*** Opening MATERIAL PROVIDED ***
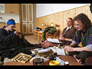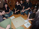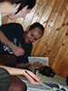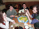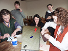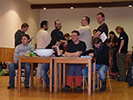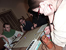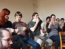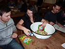 Někteří Lovci se rozhodli probdít celou noc. Když je nakonec hlad hlad dohnal o půl sedmé do kuchyně, zjistili, že kuchař je venku za zamčenými dveřmi, od kterých nikdo nemá klíč. Pustili ho oknem a pomohli mu snídani připravit, o čemž nakonec skoro nikdo neví. Kvalita fotky odpovídá tomu, jak jsme se cítili:)
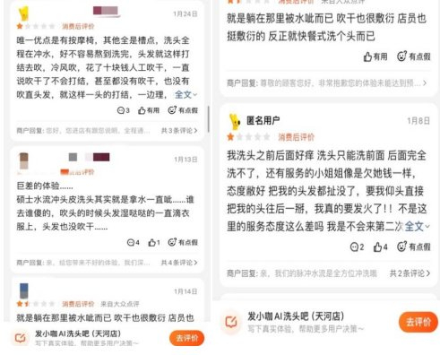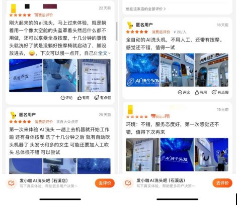 点开该店铺的评论区发现,其好评多称其价格实惠、有新奇科技感,如“AI洗头,一种充满科技感的洗头方式”“全自动的AI洗头机,不用人工,还带按摩”“科技感满满”……差评则多为洗不干净、不专业,如“洗完打结”“一般,没有洗头店专业”“就是用水冲一下而已,一点也洗不干净”“这个AI洗头,简直是智商税啊”……
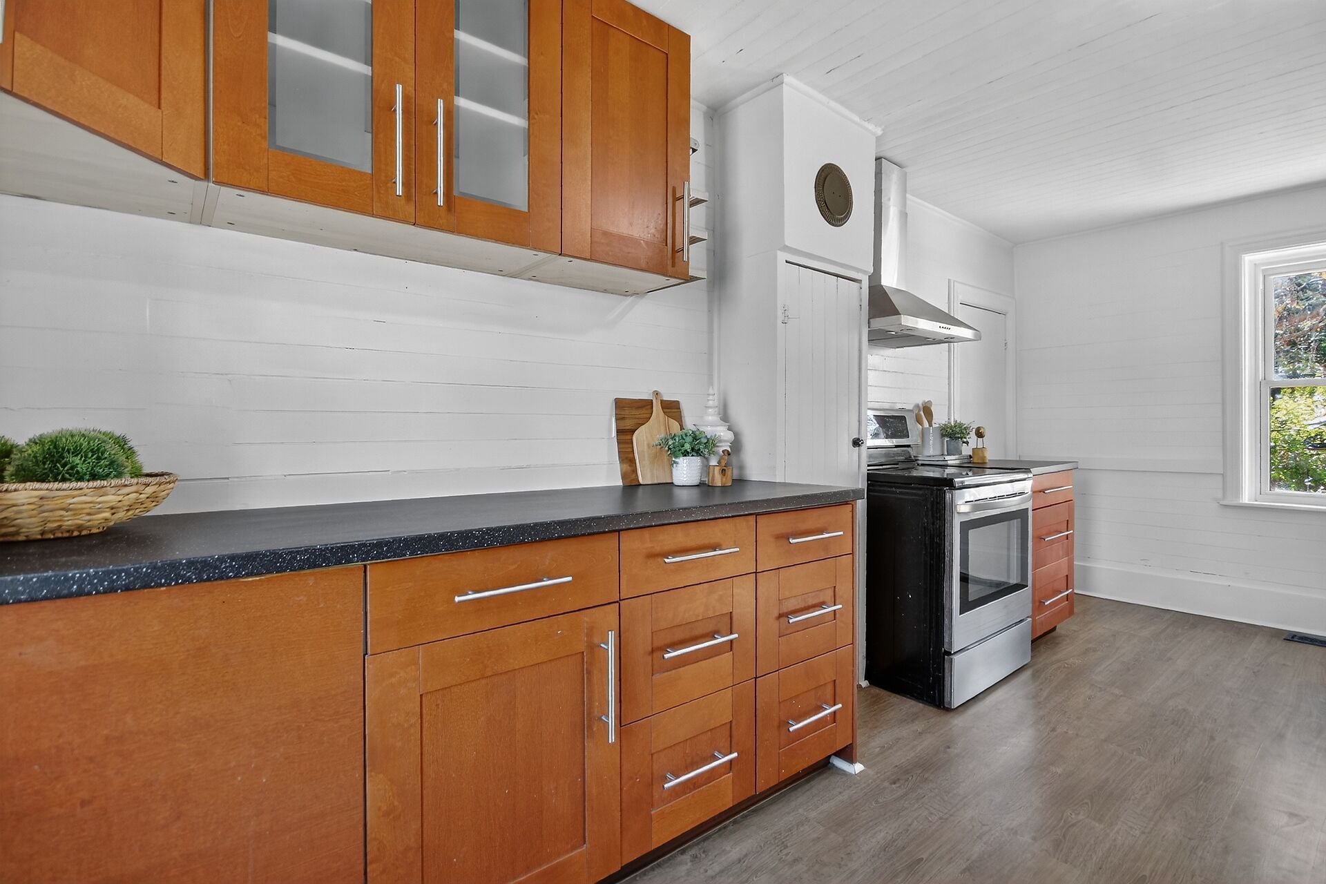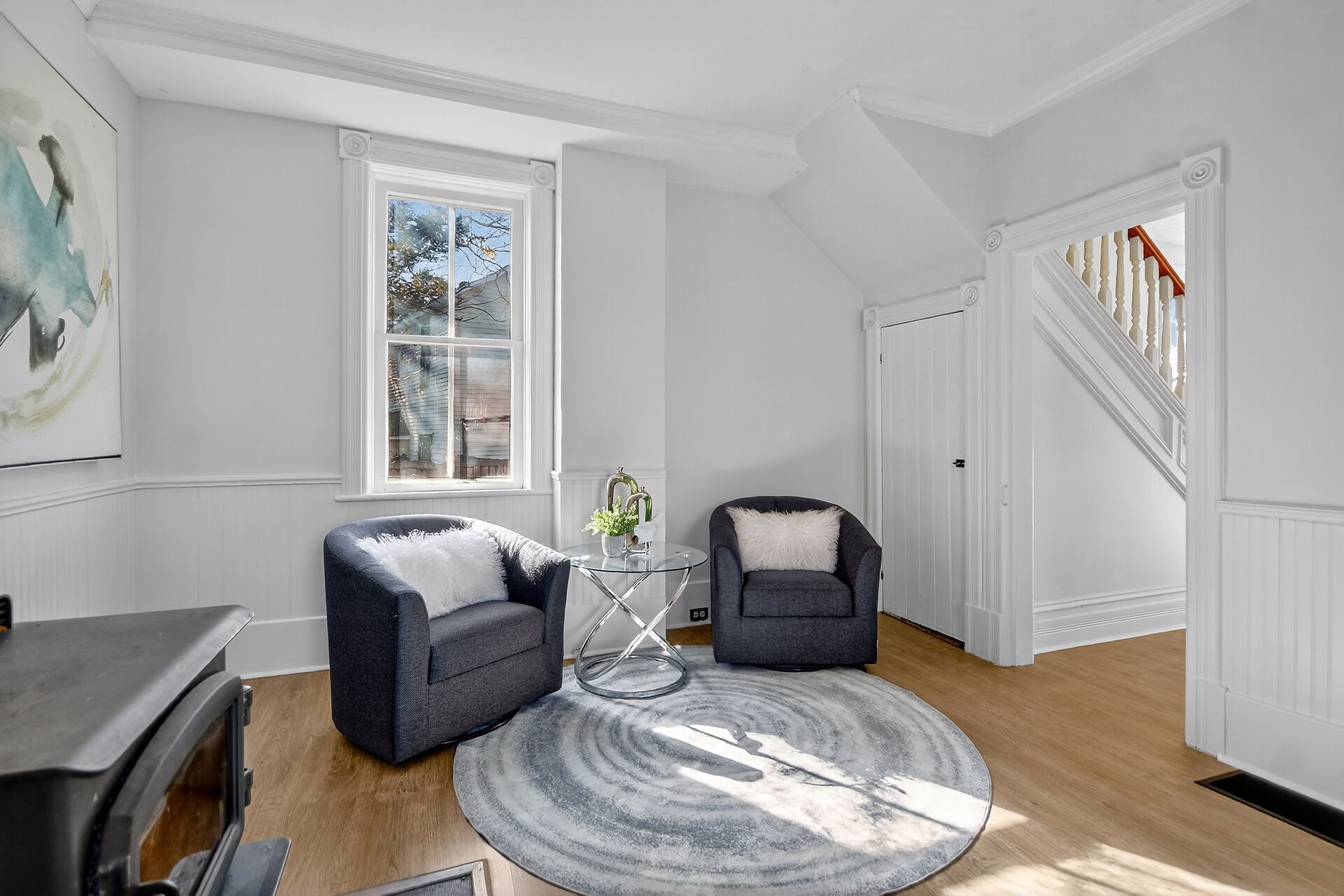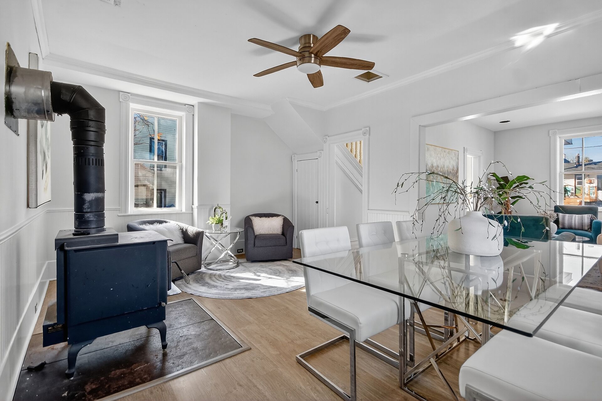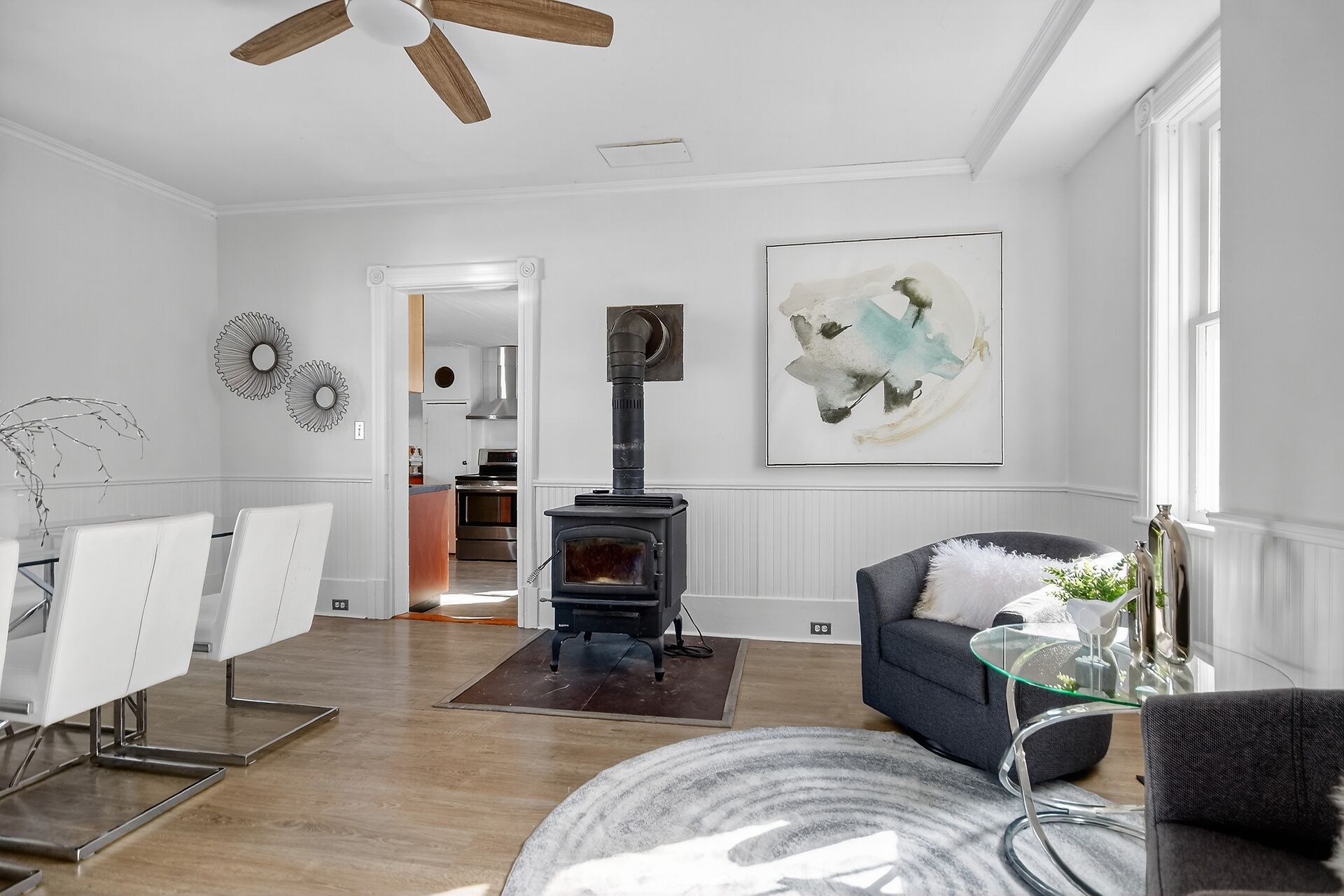 Experience the timeless appeal of 95 main street, a charming 1900 victorian home in the vibrant heart of almonte. Rich with original character, this vintage home features wide baseboards, lofty ceilings, and a classic 3-season front porch-perfect for morning coffees and warm welcomes. Inside, modern comforts embrace historic charm: easy-care vinyl flooring runs throughout the main level, complemented by newly replaced windows that fill each space with natural light. The open, sunlit living room flows into a large dining area anchored by a cozy wood-burning stove-a perfect gathering spot on winter evenings. The homey kitchen is equipped with stainless steel appliances and convenient in-unit laundry, while the attached shed offers added storage and handy backyard access. Upstairs, unwind in a vintage-inspired bath with a claw-foot tub and pedestal sink. The bright, spacious primary bedroom boasts high ceilings and plentiful storage, and two additional bedrooms (one with a closet, the second without). Plush comfortable carpeting throughout the second floor. Outside, find tandem parking for four vehicles and a fully fenced, generous yard with a large deck-an ideal retreat for children and pets. Moments from the ovr trail, library, and the shops and cafes of mill street, this is almonte living at its best. Welcome to 95 main street ~ a beautiful blend of history, comfort, and community.
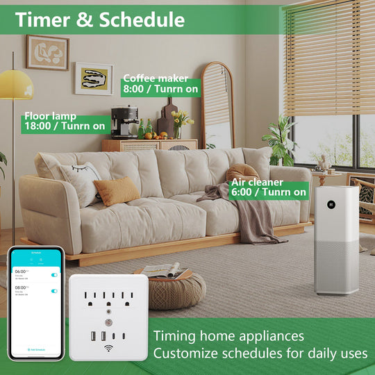 Wengart WIFI Outlet With USB BAA-032,2.4GHz Compatible with Alexa and Google Assistant 125VAC 15A
*** Closing MATERIAL PROVIDED ***
> [PROBLEM]: Reproduce the listing exactly, but keep its images out of the copy.

> [SOLUTION FOR THIS TASK]:
 Někteří Lovci se rozhodli probdít celou noc. Když je nakonec hlad hlad dohnal o půl sedmé do kuchyně, zjistili, že kuchař je venku za zamčenými dveřmi, od kterých nikdo nemá klíč. Pustili ho oknem a pomohli mu snídani připravit, o čemž nakonec skoro nikdo neví. Kvalita fotky odpovídá tomu, jak jsme se cítili:)
 点开该店铺的评论区发现,其好评多称其价格实惠、有新奇科技感,如“AI洗头,一种充满科技感的洗头方式”“全自动的AI洗头机,不用人工,还带按摩”“科技感满满”……差评则多为洗不干净、不专业,如“洗完打结”“一般,没有洗头店专业”“就是用水冲一下而已,一点也洗不干净”“这个AI洗头,简直是智商税啊”……
 Experience the timeless appeal of 95 main street, a charming 1900 victorian home in the vibrant heart of almonte. Rich with original character, this vintage home features wide baseboards, lofty ceilings, and a classic 3-season front porch-perfect for morning coffees and warm welcomes. Inside, modern comforts embrace historic charm: easy-care vinyl flooring runs throughout the main level, complemented by newly replaced windows that fill each space with natural light. The open, sunlit living room flows into a large dining area anchored by a cozy wood-burning stove-a perfect gathering spot on winter evenings. The homey kitchen is equipped with stainless steel appliances and convenient in-unit laundry, while the attached shed offers added storage and handy backyard access. Upstairs, unwind in a vintage-inspired bath with a claw-foot tub and pedestal sink. The bright, spacious primary bedroom boasts high ceilings and plentiful storage, and two additional bedrooms (one with a closet, the second without). Plush comfortable carpeting throughout the second floor. Outside, find tandem parking for four vehicles and a fully fenced, generous yard with a large deck-an ideal retreat for children and pets. Moments from the ovr trail, library, and the shops and cafes of mill street, this is almonte living at its best. Welcome to 95 main street ~ a beautiful blend of history, comfort, and community.
 Wengart WIFI Outlet With USB BAA-032,2.4GHz Compatible with Alexa and Google Assistant 125VAC 15A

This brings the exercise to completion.